Może słyszałeś kiedyś o porównaniu sprintera z maratończykiem. Ten pierwszy przystosowany jest do pracy na wysokiej intensywności, posiada wyrzeźbione mięśnie i wysoką masę beztłuszczową. Jednym słowem – ciacho. Maratończyk natomiast pracujący na długotrwałych niskich intensywnościach charakteryzuje się chudą sylwetką o mało wydatnych mięśniach. Pozostawiam Ci to do przemyślenia ?

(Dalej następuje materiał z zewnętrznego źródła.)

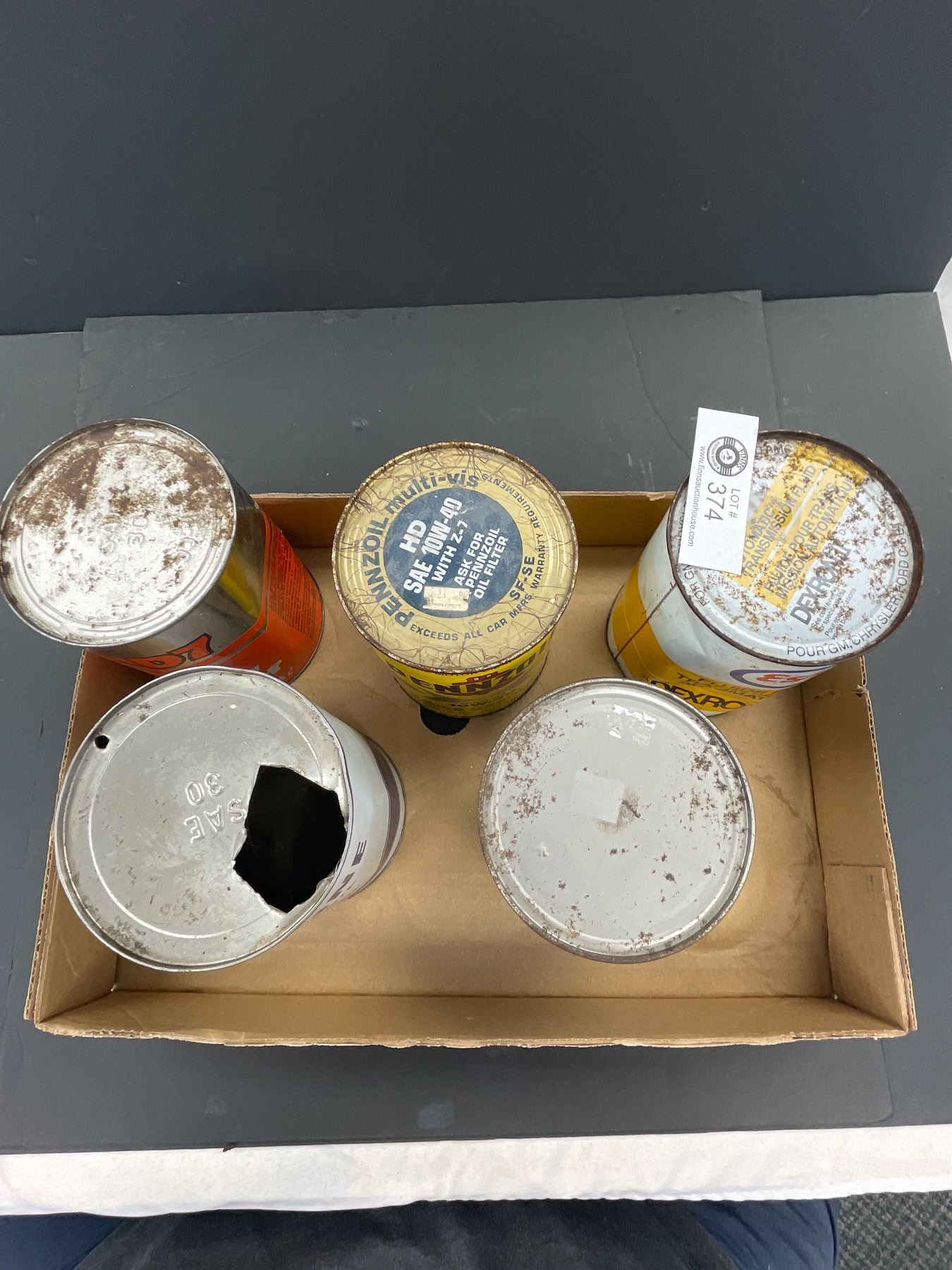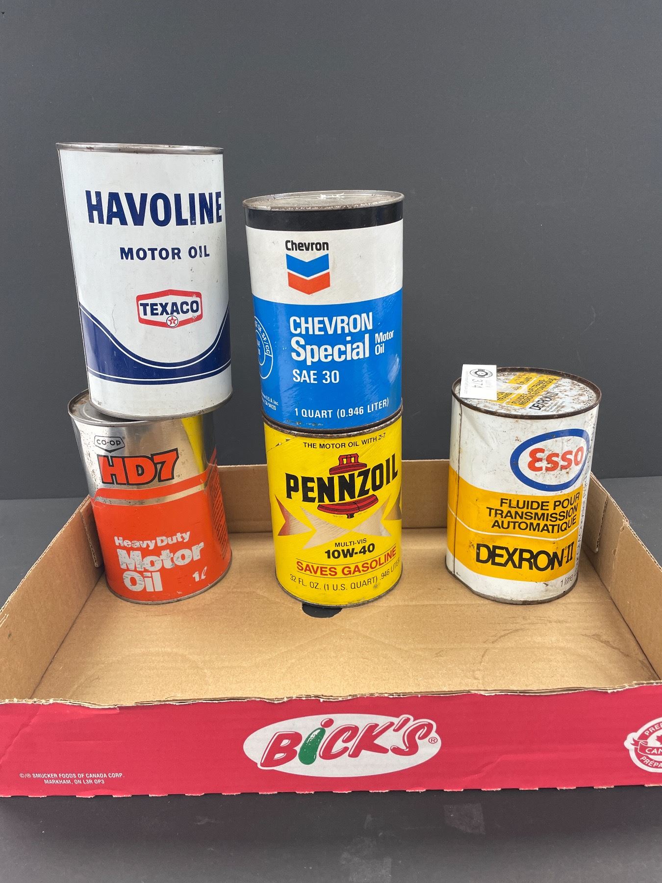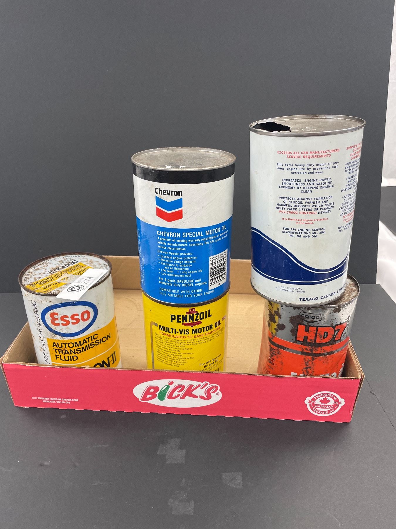Nice Lot of 5 Vintage Oil Cans Esso Penzoil Texaco Etc

Interwały przede wszystkim świetnie wpływają na proces spalania tkanki tłuszczowej. I nie chodzi tu o zwykły bilans kaloryczny (spalane kalorie kontra dostarczone z pokarmem) – ludzki organizm jest dużo bardziej skomplikowany. Musisz zrozumieć, że kluczem do spalania tkanki tłuszczowej nie jest wyłącznie deficyt kaloryczny ale podniesienie spoczynkowej przemiany materii. Chodzi o to by Twoje ciało spalało więcej kalorii nawet wtedy gdy nie jesteś aktywny. Wykonując HIIT tworzysz w swoim organizmie tak zwany „deficyt tlenowy”, na którego rekompensatę organizm pracuje (a więc przyspiesza matebolizm) przez wiele godzin po skończonym treningu.

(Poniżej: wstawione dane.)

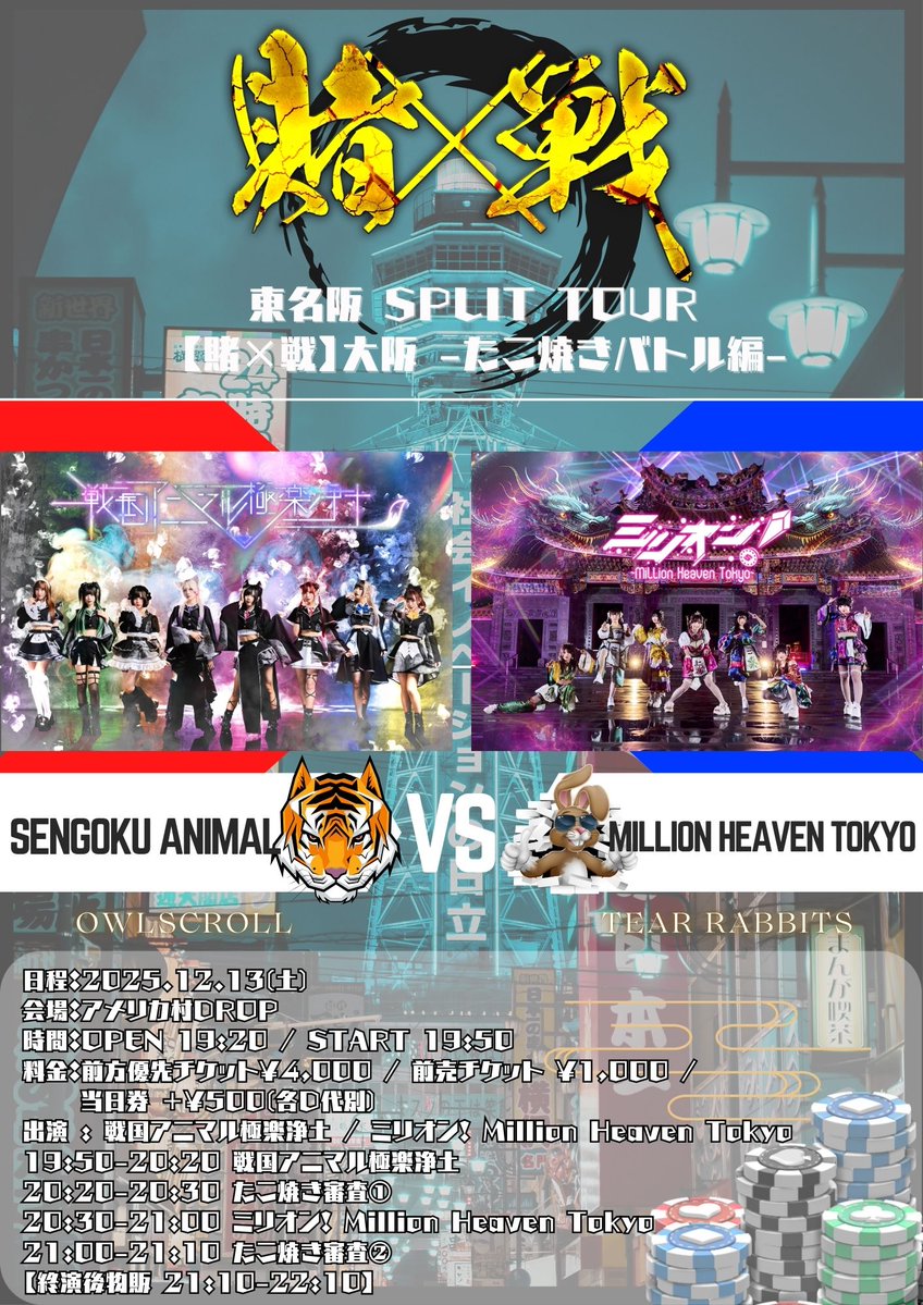 アメリカ村 DROP(ドロップ) スケジュール 2025.12.13(Sat) 戦国アニマル極楽浄土×ミリオン! Million Heaven Tokyo 東名阪 SPLIT TOUR 【賭×戦】-@大阪 たこ焼きバトル編- [ACT] 戦国アニマル極楽浄土 / ミリオン! Million Heaven Tokyo [OPEN/START] 19:20/19:50 [料金] 前方優先チケット¥4,000 / 前売チケット ¥1,000 / 当日券 ¥1,500(入場時別途1D代金¥700-必要) (問)アメリカ村DROP 06-6213-9101

Porównując trening aerobowy z interwałami – również spalasz kalorie ale tylko w trakcie jego trwania. Poza tym organizm bardzo szybko potrafi się adaptować do treningu aerobowego. Oznacza to, że musisz wykonywać coraz dłuższe i coraz cięższe sesje aby zobaczyć efekty. Dzieje się tak, dzięki zwiększaniu możliwości przechowywania glikogenu mięśniowego, a co za tym idzie – wody. Wiele dziewczyn rozpoczynających treningi na bieżni skarży się na swoją wagę, która zamiast spadać – rośnie, a w ich organizmach zaczyna powolutku wzrastać parametr płynów.